Positive feedback loop works in opposite way. When some resource is under-utilized,
causes arrival time to increase. However, must be watched carefully, because they can cause
problems as compared to negative feedback loops. For example, if a positive feedback loop
monitoring the CPU informs Job Scheduler that CPU is being underused, then the Scheduler allows
more jobs to enter the system. However, as more jobs enter system, amount of memory available
per job decreases. If too many jobs enter job stream – increase in page interrupts. This results
in poor CPU usage. In fact, in poorly designed operating systems, positive feedback can put
system into unstable state. Positive feedback should include a further step that would involve
checking to see whether system performance has improved.
Various types of software for monitoring and benchmarking are available.
System Security
Viruses-
Worms, Trojan Horse, etc.
Encryption – can be at file level, machine level or network level. Increases overhead.
Passwords
Backups
WinNt security management
Has object based security model. An object can be any resource in the system. The system
administrator can give precise security access to specific objects.
WinNT includes the following:
- secure log on facility requiring users to identify themselves.

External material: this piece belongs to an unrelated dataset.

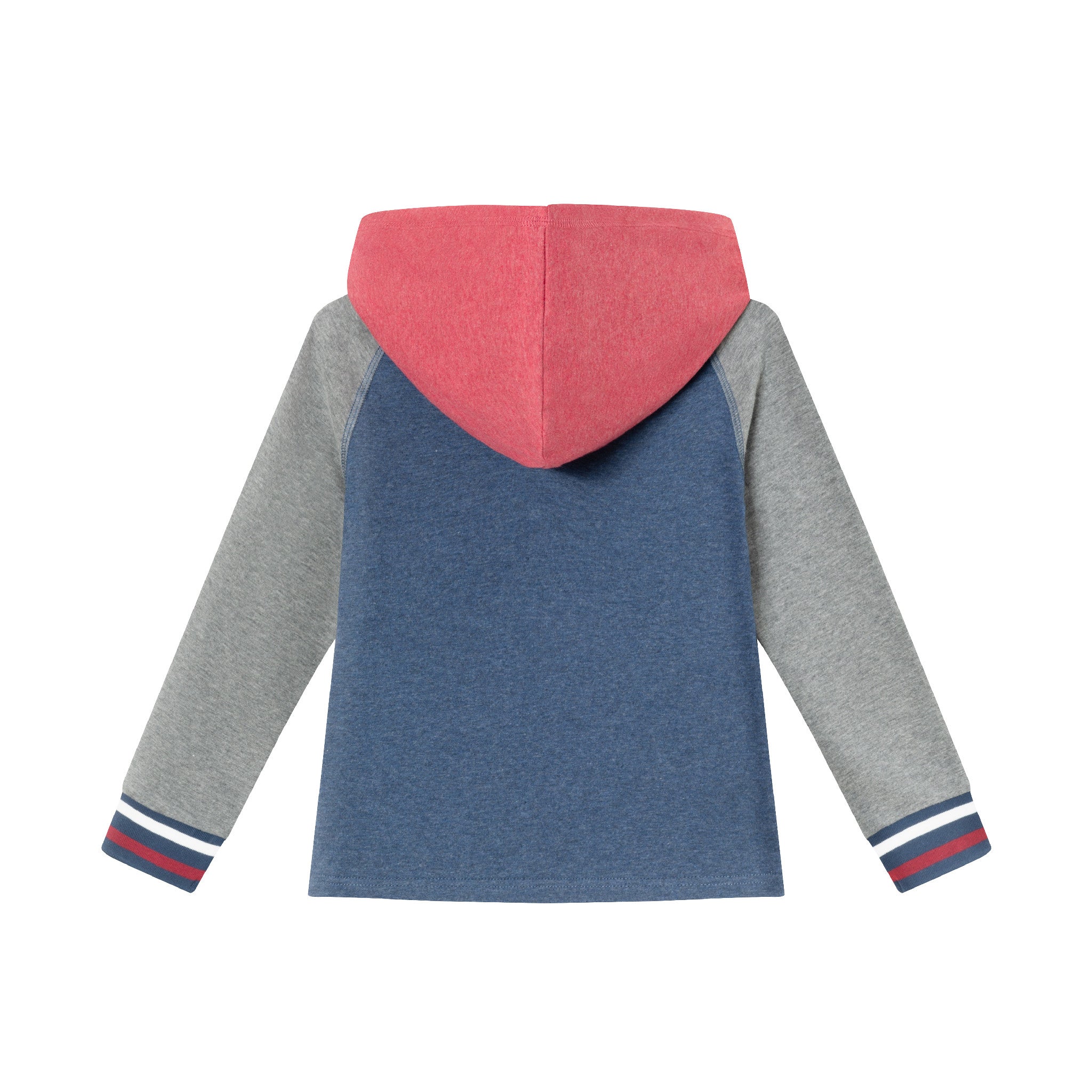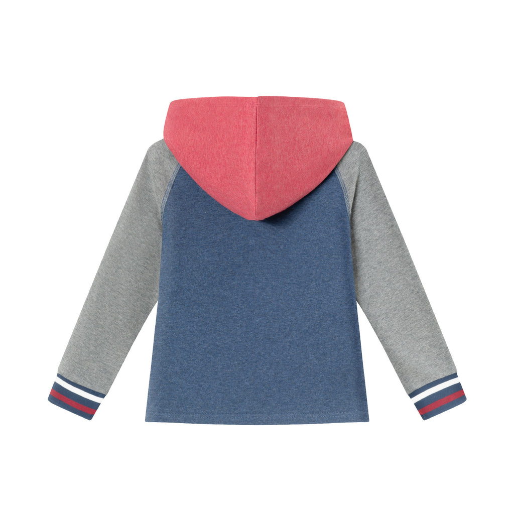 Kids Hooded Colorblocked Jersey Tee | Red Navy & Heater Grey

- discretionary access control allowing the owner of a resource to determine who else can
access the resource.
- auditing ability to detect and record important security-related or any attempt to create,
access or delete system resources.
- memory protection preventing anyone from reading information written by someone else after
memory has been deallocated.
Multilayered security:-
Password
NTFS gives second layer of security for files. The creator of a file is its owner. Owners
can designate a set of users (a group) to use the file. Owner can also prevent some of the
members from using the file. Can also determine what operations are permitted on a file.
When user logs on to NT system returns an access token. Afterwards, whenever user
creates a process, process contains a copy of that user’s access token. Access tokens indicate
individual rights and group rights.
Object in NT have a security descriptor, and applies it to the object when it is constructed.
Owner of an NT objects can always change its security information.
An access token identifies a process and its threads to the operating system, but a security
descriptor lists which of these processes can access an object. When a thread opens a handle to
an object, the object manager and the security system looks over the information to determine
whether the user should be given the handle.